Legal Consequences of Mergers and Acquisitions
A company’s acquisition of another company must be registered to be valid. After the registration process is completed, the merger becomes legally valid.
After the registration process, the assets of the transferred company pass to the transferee company without the need for any transaction. All active and passive assets are included in the transferred assets. All partners in the transferee company become partners of the transferee company upon registration. In this case, the transferred company will be dissolved.
Streamlined Merger Method
Considering the documents and processes to be prepared in the merger provisions regulated in the TCC, the merger process is long and arduous.

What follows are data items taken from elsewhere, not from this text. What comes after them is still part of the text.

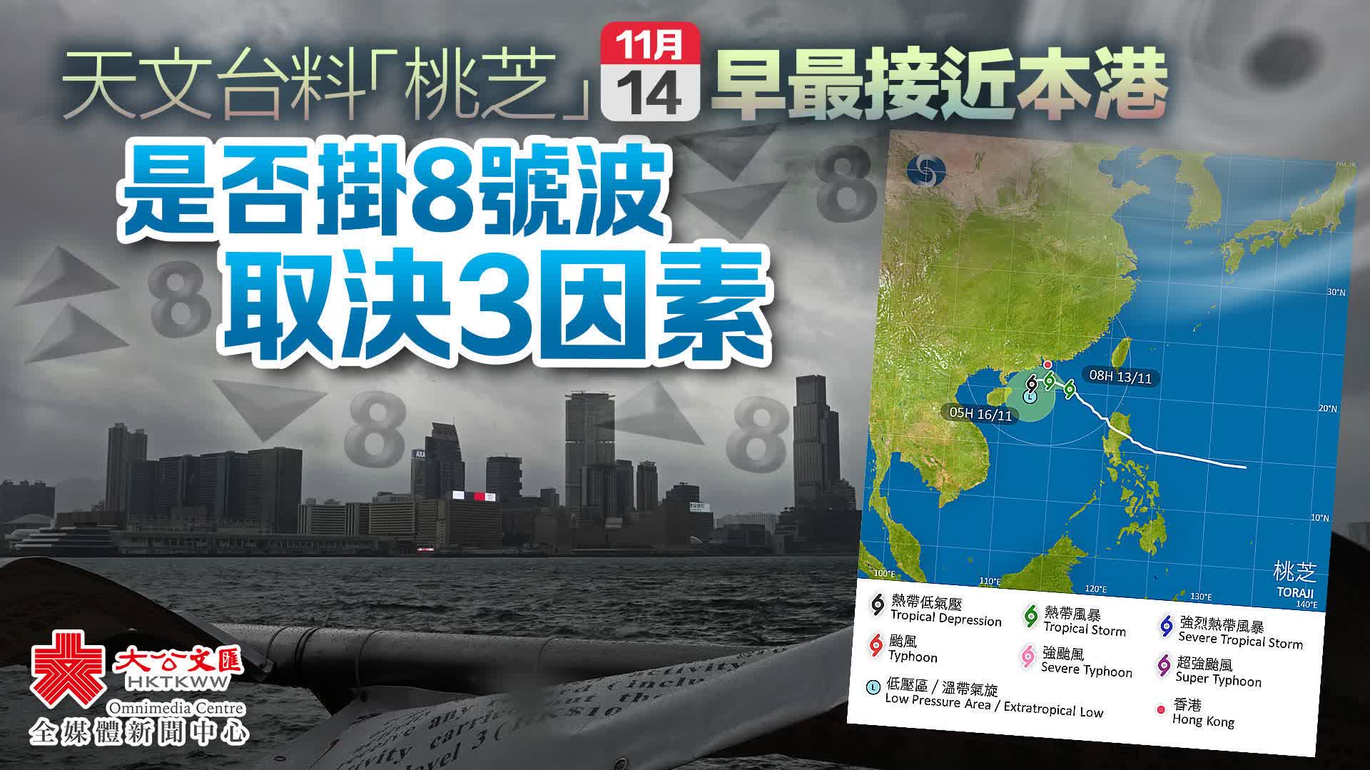 大公文匯全媒體報道,一號戒備信號現正生效,天文台會在今日(13日)下午1時至4時之間改發三號強風信號。高級科學主任李淑明今日上午在一個電台節目中表示,預計「桃芝」明早(14日)最接近本港,會在本港以南約200公里內掠過,天文台會視乎屆時「桃芝」的強度、烈風區與珠江口的距離及本地風力變化,評估是否需要改發更高熱帶氣旋警告信號。
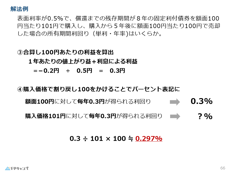 【例題】 表面利率0.5%で、発行時の残存期間が8年の固定利付債を、額面100円あたり101円で購入しました。購入から5年後に額面100円あたり100円で売却した場合の所有期間利回りを求めなさい。(小数点第4位を四捨五入すること)
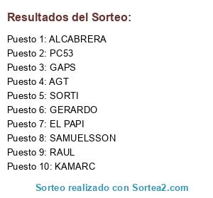 Lista de participantes: AGT, ALCABRERA, EL PAPI, GAPS, GERARDO, KAMARC, PC53, RAUL, SAMUELSSON, SORTI.
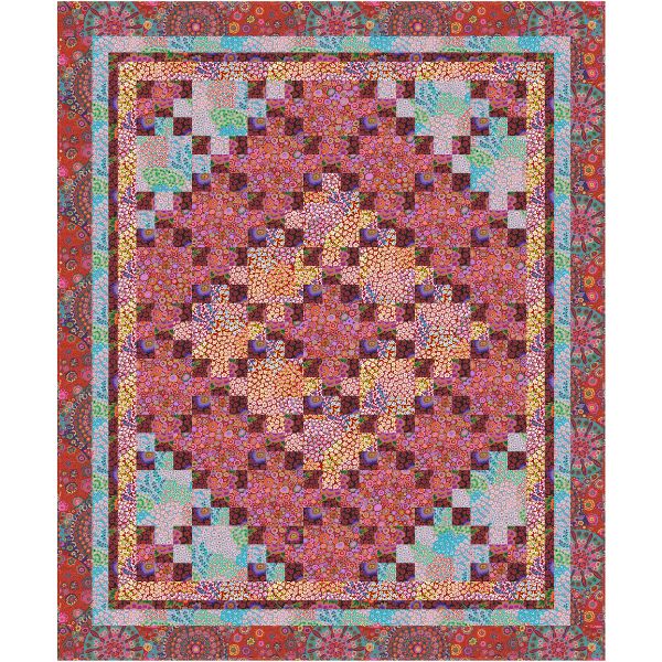 Round and Round Quilt Kit Warm, Kaffe Fassett Cotton Lawn includes all fabrics required for the quilt top, binding, and the pattern.
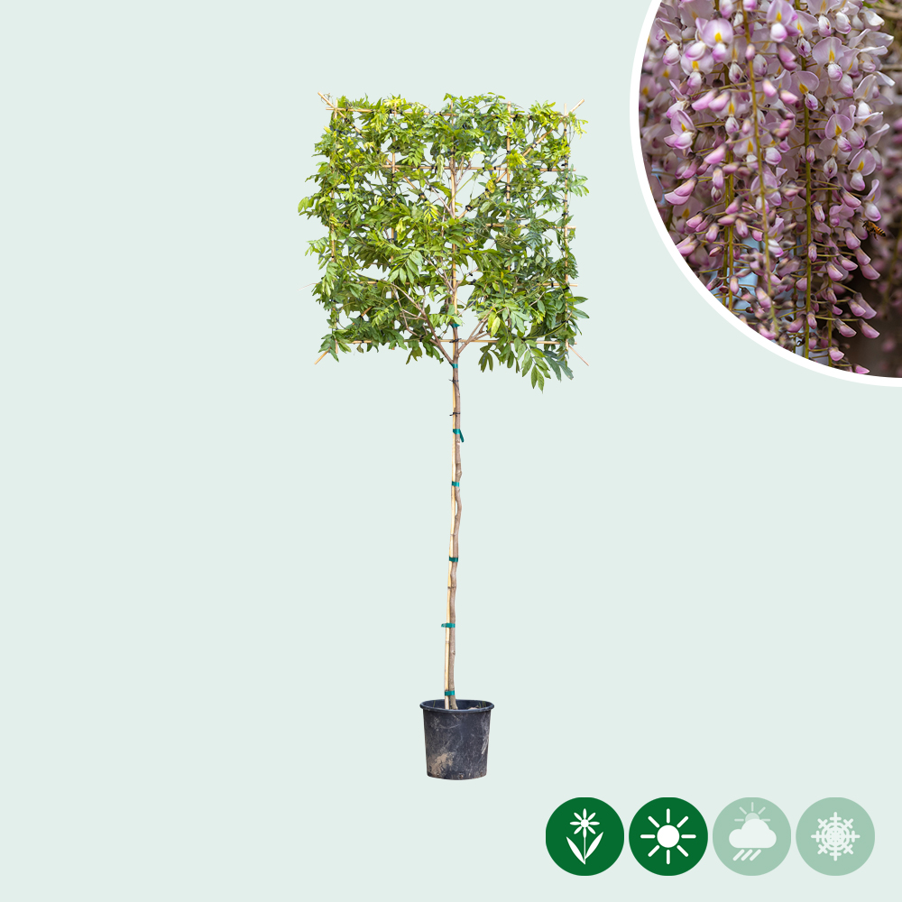De Wisteria sinensis ‘Rosea’ als leiboom is een bladverliezende klimplant die langs een rek wordt geleid. In mei verschijnen lange trossen zachtroze bloemen met een aangename geur. Soms volgt in september een tweede bloei. De roze regen is een krachtige groeier, waardoor het leirek snel mooi vol staat. Dankzij de leivorm is deze plant ideaal voor langs een schutting of gevel en geeft hij de tuin een romantische en sierlijke uitstraling.

The aim here is to prevent the shareholders of the transferred company, especially the creditors, from losing their rights.
To protect the rights of the creditors, the legislator regulates the points to be considered in this process and the documents that must be prepared absolutely and bring convenience for the transferee and the transferred company in cases where the creditors will not lose their rights.

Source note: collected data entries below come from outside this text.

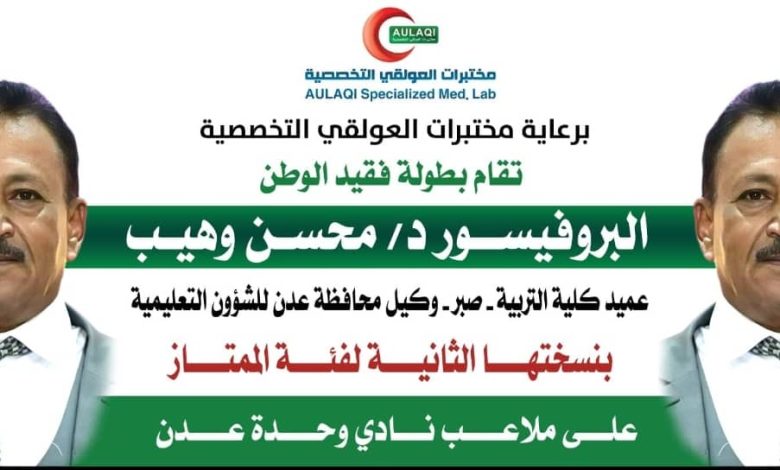 يسدل الستار مساء يوم الجمعة القادم، الموافق 27 يونيو 2025م، عن منافسات بطولة فقيد الوطن البروفيسور د. محسن وهيب بنسختها الثانية لفئة الممتاز، التي تقام برعاية مختبرات العولقي التخصصية، على ملاعب نادي وحدة عدن العشبية بمديرية الشيخ عثمان، شارك فيها 32 فريقا شعبيا من مختلف مديريات العاصمة عدن، وهي البطولة التي يشرف على تنظيمها الكباتن نزار السحولي وصلاح الاصبحي.
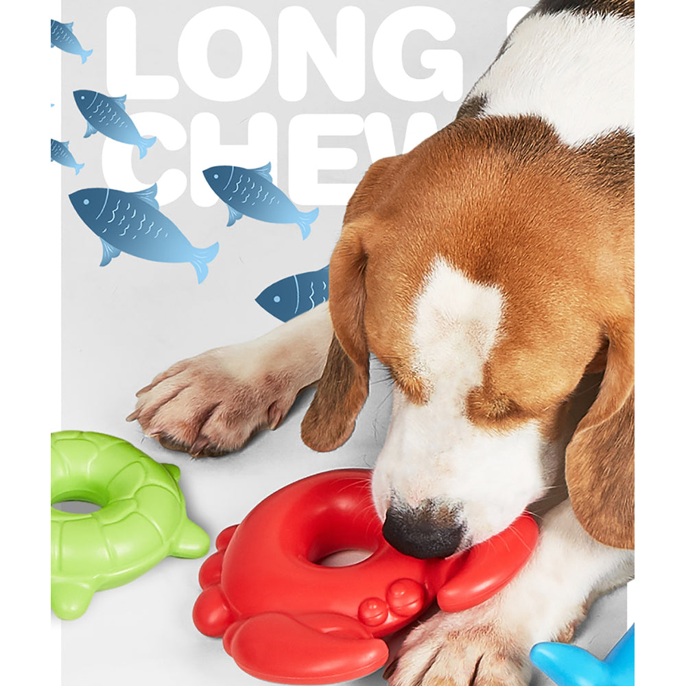 FOFOS Ocean Animal Chewing Squeaky Dog Toy offers companionship and stress relief while protecting your home from damage. It’s squeaky and durable, with a sound that engages and excites dogs. Made from high-quality natural rubber, it features special modifications for a longer lifespan. The toy rinses clean instantly, eliminating bacteria, and can be sanitized with wet wipes, though sound holes should be avoided during rinsing. Its smooth, rounded design ensures even pressure distribution, and the uniform wall thickness reduces the risk of cracking. Safe, non-toxic, and odorless, it provides peace of mind for your dog's chewing needs.
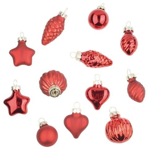 Sada skleněných ozdob červené 3-4 cm 12 ks
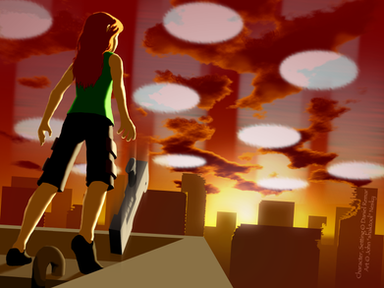 I like the way you portray movement with the figure although the right leg seems to be a little too straight for her to be stablizing herself while sliding. That doesn't make it any less beutiful though!
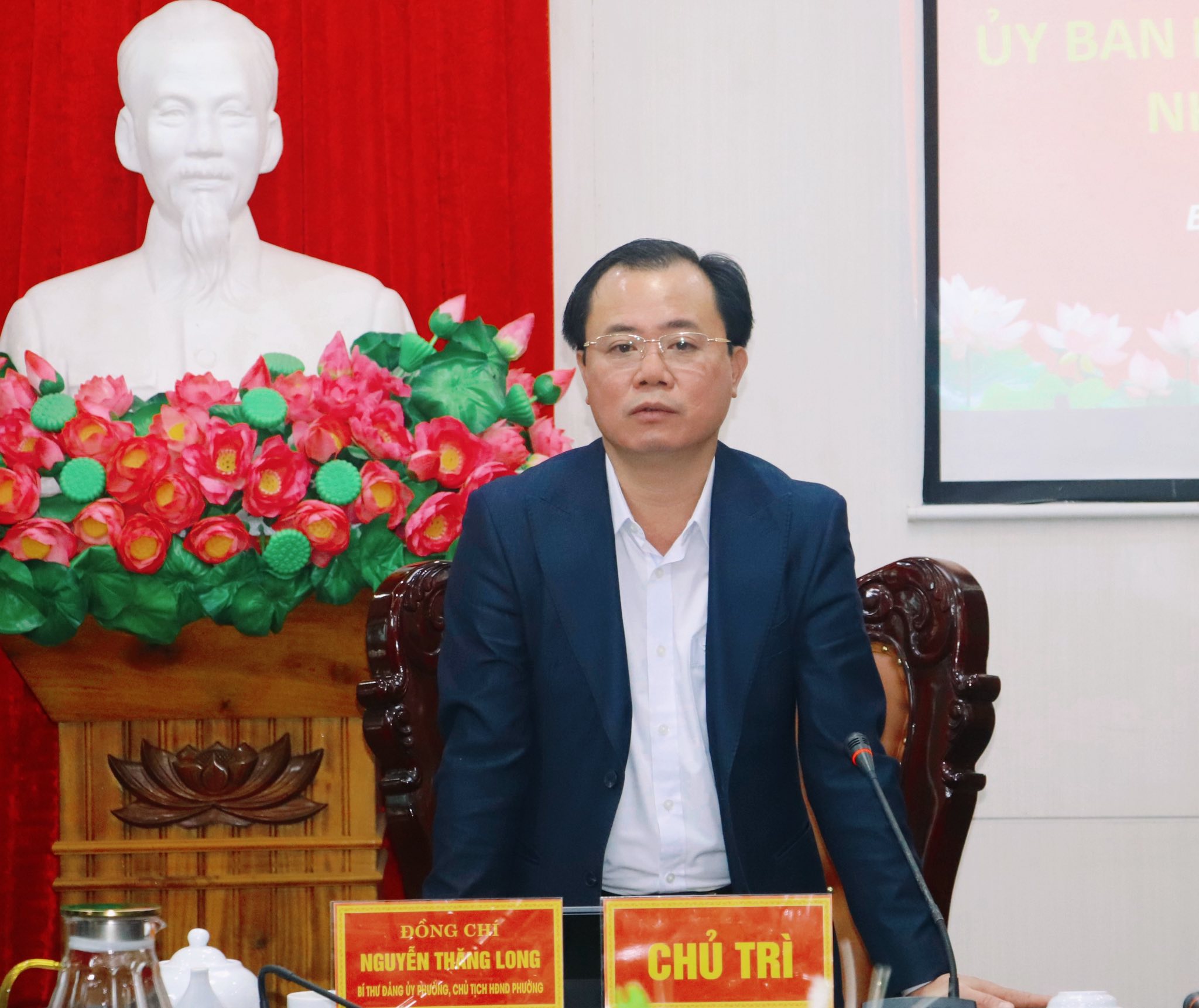 Đồng chí Nguyễn Thăng Long, Bí thư Đảng ủy, Chủ tịch HĐND phường, Chủ tịch UBBC phường chủ trì hội nghị.

Under Article 155 and Article 156 of the TCC, the application area and the facilities provided by the facilitated merger of capital companies are regulated. The facilitated merger is an institution recognized by the TCC only for the mergers of capital companies.
In this context, the TCC proposes a merger method in which company mergers are subject to fewer procedural procedures if the relevant conditions are met. Applying the facilitated merger method is possible in 2 (two) cases: where the transferee capital company owns all the shares or at least 90% (ninety percent) of the transferred capital company.
- Accordingly, in the first case, a capital company that acquires all voting shares of the acquired capital company or a company or a natural person or groups of persons bound by Law or contract, as per Article 155/1 of the Turkish Commercial Code, can merge with the capital companies participating in the merger, if the capital companies are the owners, by using the simplified method.
- In the second case, if the capital company acquiring under Article 155 of the Turkish Commercial Code owns at least 90% (ninety percent) of the voting shares of the acquired capital company, for the minority shareholders, the merger can be facilitated using the simplified method, provided that an offer is made to provide either equivalent shares in the acquiring company or a cash equivalent equal to the real value of the shares. No additional payment obligation, personal commitment, or liability arises due to the merger.
To ensure that those who have participated in the merger process do not face any legal liability and/or the merger does not become subject to cancellation lawsuit, even if it is subject to a lawsuit, it is in the interest of companies to strictly comply with the procedures and processes envisaged in the Turkish Commercial Code regarding the merger and manage the process with expert personnel.
Mergers and acquisitions are frequently encountered and significant topics in the business world. Companies may engage in mergers and acquisitions for various reasons, such as achieving growth objectives, reducing costs, and gaining a competitive advantage. However, these transactions are complex processes that require expertise in both legal and financial aspects. Additionally, mergers and acquisitions’ economic, social, and political impacts should be considered. Therefore, conducting comprehensive research and seeking consultancy services before making decisions on this matter can assist companies in taking the right steps.